=== RECORDS FOR PROCESSING ===

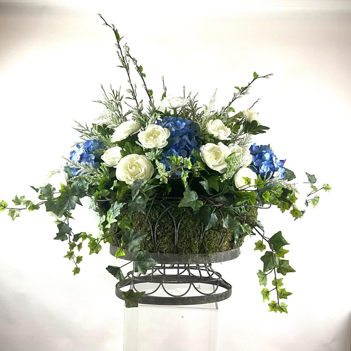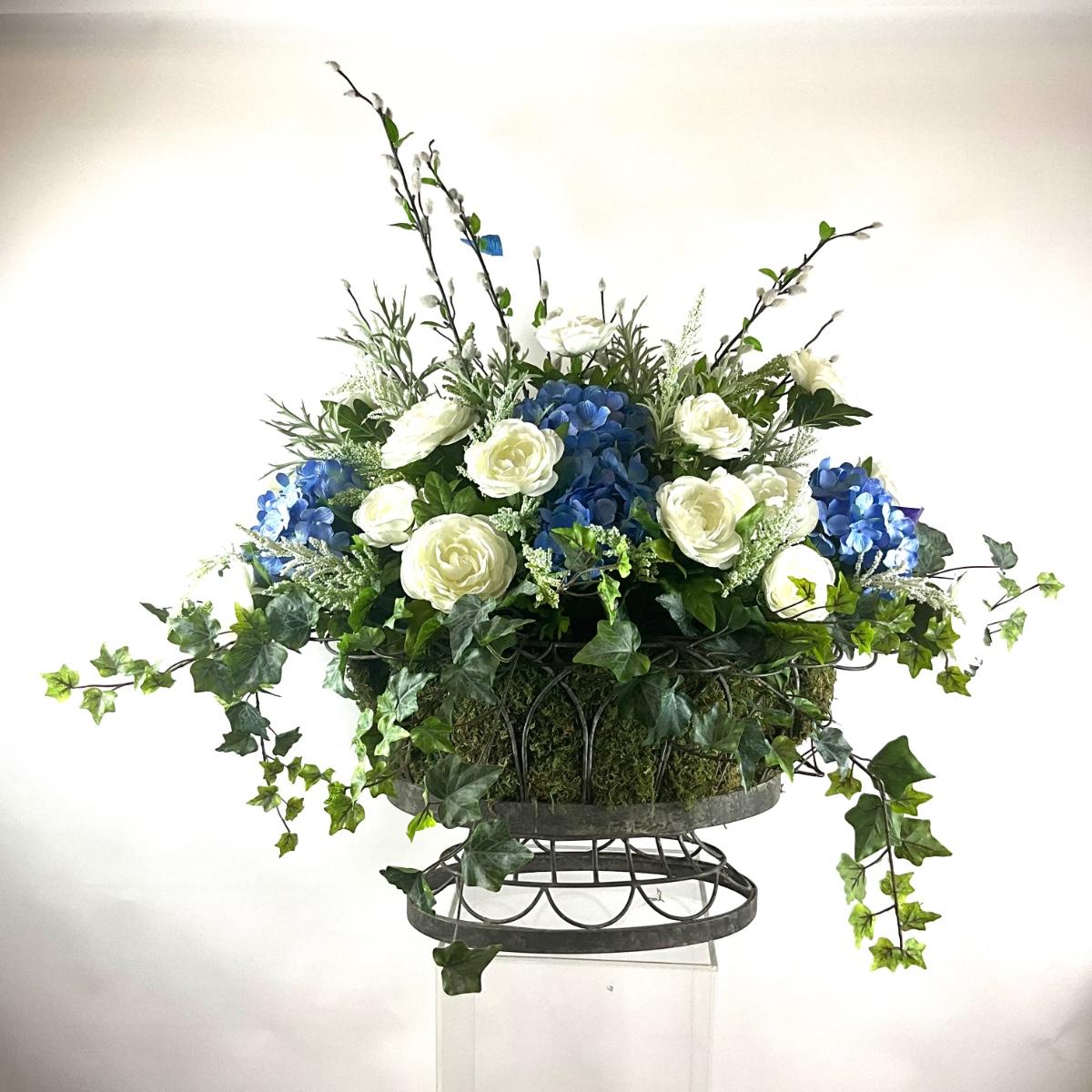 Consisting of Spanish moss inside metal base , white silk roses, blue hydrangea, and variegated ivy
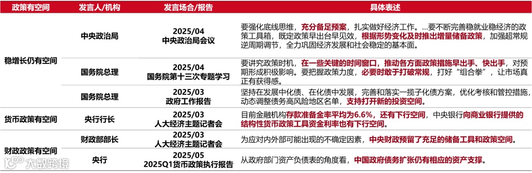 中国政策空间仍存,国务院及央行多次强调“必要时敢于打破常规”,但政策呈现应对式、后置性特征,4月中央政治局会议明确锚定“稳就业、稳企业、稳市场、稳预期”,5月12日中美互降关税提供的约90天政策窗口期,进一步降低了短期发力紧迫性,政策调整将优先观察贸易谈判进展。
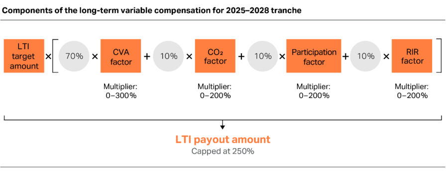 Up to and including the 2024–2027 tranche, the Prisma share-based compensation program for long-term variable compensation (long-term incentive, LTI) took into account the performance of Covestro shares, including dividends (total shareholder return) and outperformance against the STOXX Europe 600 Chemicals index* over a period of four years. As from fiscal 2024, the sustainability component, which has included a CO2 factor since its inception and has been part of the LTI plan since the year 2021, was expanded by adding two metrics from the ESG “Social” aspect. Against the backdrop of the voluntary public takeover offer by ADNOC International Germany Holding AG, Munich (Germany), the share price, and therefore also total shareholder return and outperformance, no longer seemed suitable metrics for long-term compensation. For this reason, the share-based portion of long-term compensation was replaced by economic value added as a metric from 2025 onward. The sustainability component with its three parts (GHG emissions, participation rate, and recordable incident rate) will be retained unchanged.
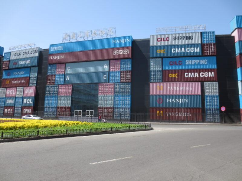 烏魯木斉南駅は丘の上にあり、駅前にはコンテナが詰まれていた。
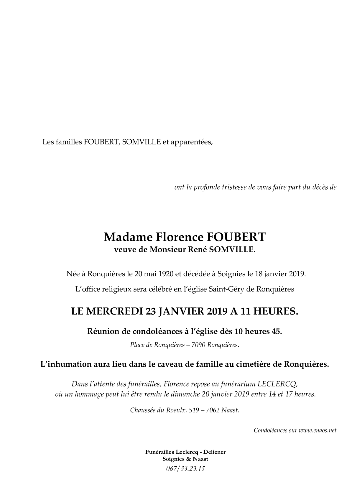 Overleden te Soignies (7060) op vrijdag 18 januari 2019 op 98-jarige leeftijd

===

### DIRECTIONS:
Word for word, write out the lines from the top of the records above down to the line holding "中国政策空间仍存,国务院及央", inclusive, but not the pictures.

### SOLUTION FOR THIS PROBLEM:
 Consisting of Spanish moss inside metal base , white silk roses, blue hydrangea, and variegated ivy
 中国政策空间仍存,国务院及央行多次强调“必要时敢于打破常规”,但政策呈现应对式、后置性特征,4月中央政治局会议明确锚定“稳就业、稳企业、稳市场、稳预期”,5月12日中美互降关税提供的约90天政策窗口期,进一步降低了短期发力紧迫性,政策调整将优先观察贸易谈判进展。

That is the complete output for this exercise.